5 lb chicken, rinsed, patted dry, cut into 6 large pieces
2 medium carrots, cut into chunks
2 medium white onions, chopped
1 stalk celery, chopped
1 medium tomato, chopped
2 gloves garlic, crushed
½ tsp dried thyme
1 bay leaf
2 tbsp chopped fresh parsley
½ tsp ground black pepper
5 cups dry red wine
¼ cup Cognac
¼ canola or extra-light olive oil
1 tsp salt
2 tsp sugar
8 oz pearl onions
8 oz mushrooms, cleaned and sliced thin
6 oz good-quality sliced bacon, chopped
2 tbsp butter, softened
2 tbsp all-purpose flour

What you do:

Preheat the oven to 220C / 425F / gas mark 7.

Place the chicken in a large, deep, non-reactive casserole dish.
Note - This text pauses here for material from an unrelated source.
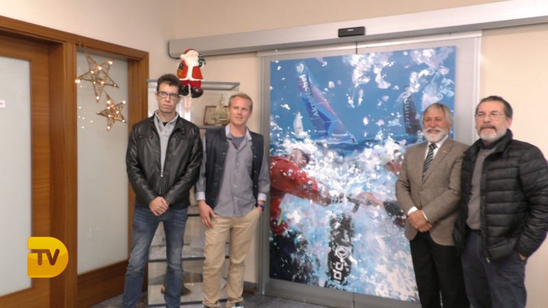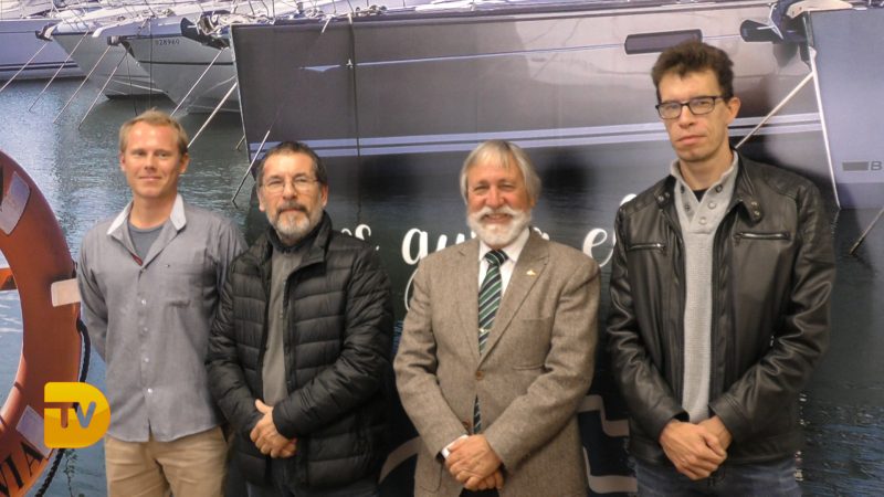El director de Marina de Dénia, Gabriel Martínez y los artistas Juan Caravaca, Joan Castejón y Anton Gudzykevich han presentado la primera muestra colectiva que acogerá la sala de exposiciones de Marina de Dénia.
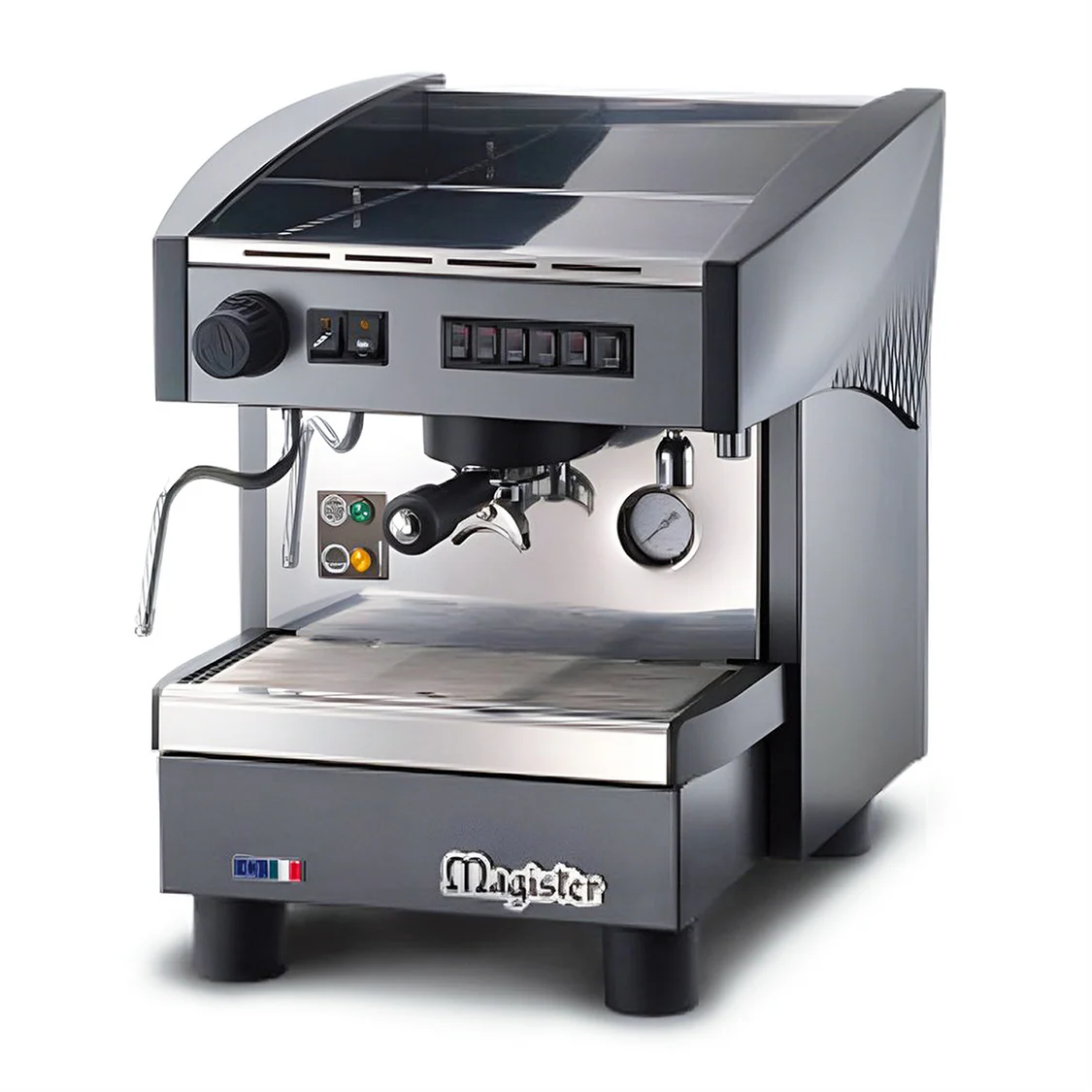 Cafetera automática electrónica compacta de 1 grupo, línea Stilo, marca Magister. Diseñada para uso profesional con dosaje programable, ideal para cafeterías que requieren precisión, consistencia y control total en cada extracción.

Layer the carrots, onion, celery, tomato, garlic, thyme, bay leaf, parsley, and pepper evenly over the chicken pieces. In a small bowl, mix together the red wine, Cognac, and oil. Drizzle the wine mixture over the vegetables and chicken, and then marinate the mixture overnight, for 8-12 hours.

Melt 3 tbsp of butter in a large frying pan or skillet over medium-high heat. Remove each piece of the chicken from the marinade, reserving the liquid, and brown them on each side. Set aside the chicken, scoop the vegetables out of the marinade, and cook them in the frying pan or skillet for 5 minutes, until they begin to get tender.

Arrange the chicken in a deep, glass casserole dish, layer the vegetables over the chicken, and pour the reserved liquid over the casserole. Sprinkle the salt and sugar over the mixture, cover, and bake it in the preheated oven for 20 minutes.

While the chicken is baking, fry the bacon in the skillet until it is crispy and set it aside to drain. Pour off all but approximately 2 tablespoons of the bacon grease and sauté the mushrooms and onions over low-medium heat for 6-8 minutes, until they turn tender. When the chicken has cooked for 20 minutes, remove it from the oven and add the bacon, mushrooms, and onions. Cover and return the casserole to the oven for 20 minutes.

Mix together the 2 tbsp softened butter and the all-purpose flour until they form a smooth paste. Add the butter-flour mixture, or beurre manie, to the chicken and vegetables for the last 5 minutes of cooking. Remove the casserole from the oven and stir the beurre manie throughout the dish.

Allow it to sit and thicken for a few minutes before serving.